The map graphic links to the map data in Google Maps, from which you can zoom in on areas and turn on or off satellite view.

The map provides background for an upcoming post about transforming transportation and livability in downtown/midtown.

Walkable City

Sacramento Press is sponsoring a live chat with Jeff Speck, the author of Walkable City: How Downtown Can Save America One Step At A Time. The live chat is tomorrow, January 3, at 12:30PM. The offline chat is already going on, if you want to check it out. I am currently reading the book, in the Kindle version, but am only part way through.

Many of the online comments so far have focused on creating a livable city, and it is wonderful to see so many positive ideas and accurate identification of challenges. Intelligent conversation like this is rare in the Sacramento news blogs. I’ll make some comments specifically on the walkability safety aspects. I’ve written about this before, but it is worth writing about again and again, because the problems still exist.

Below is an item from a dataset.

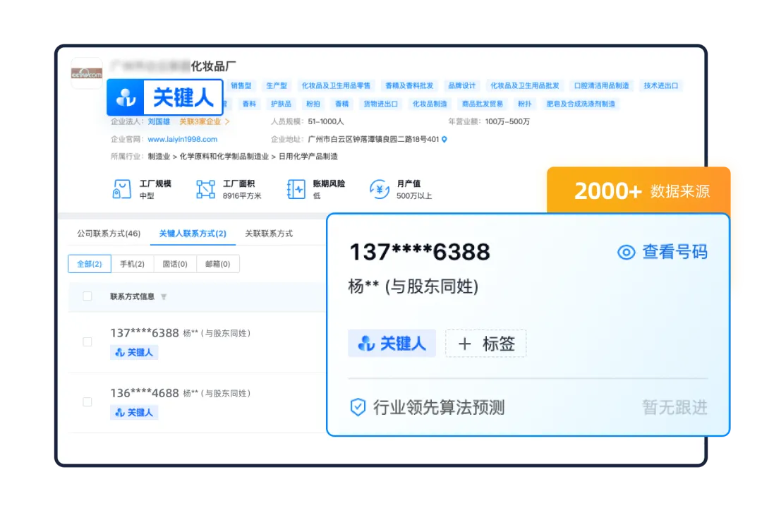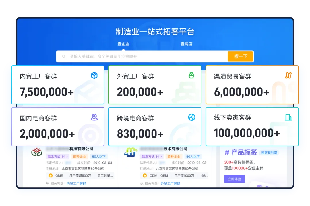 快速获取海量优质客户,1.8亿+市场主体的全量知识图谱,覆盖各行各业客户类型,提供企业查询、高级筛选、地图拓客和智能推荐等丰富的拓客方式,赋能销售快速找到精准客户。不仅仅是更专业的企业查询工具,还能找网店,找展会、找项目。

Traffic sewers: Multiple lane and one way streets are traffic sewers. This epithet is used to describe streets designed to flush traffic in and out of employment centers (and to homes in the suburbs) twice a day. They serve no other reasonable purpose, and they make a place very much less walkable. Three (or more) lane roadways are incompatible with walkability. They encourage high speed traffic, and provide too long a crossing distance to pedestrians to be comfortable with. They don’t meet the “8-80” criteria, of being safe and comfortable for people of all ages.Solutions:

  1. Therefore, I think that all three-lane roadways in Sacramento must be narrowed to two lanes. If a true refuge median is provided between two directions of travel, at least three feet wide, so that a person can cross each direction of traffic separately, then roadways with a total of four lanes are acceptable. If not, then only a total of two lanes. Six lane or more roadways, common in the northern and southern suburbs of the City of Sacramento, are not acceptable.
  2. One way streets also encourage high speed travel. I think that all of our one way streets should be converted to two way streets. This can be done over time as streets are repaved, it is not as high a priority as the narrowing of streets, above.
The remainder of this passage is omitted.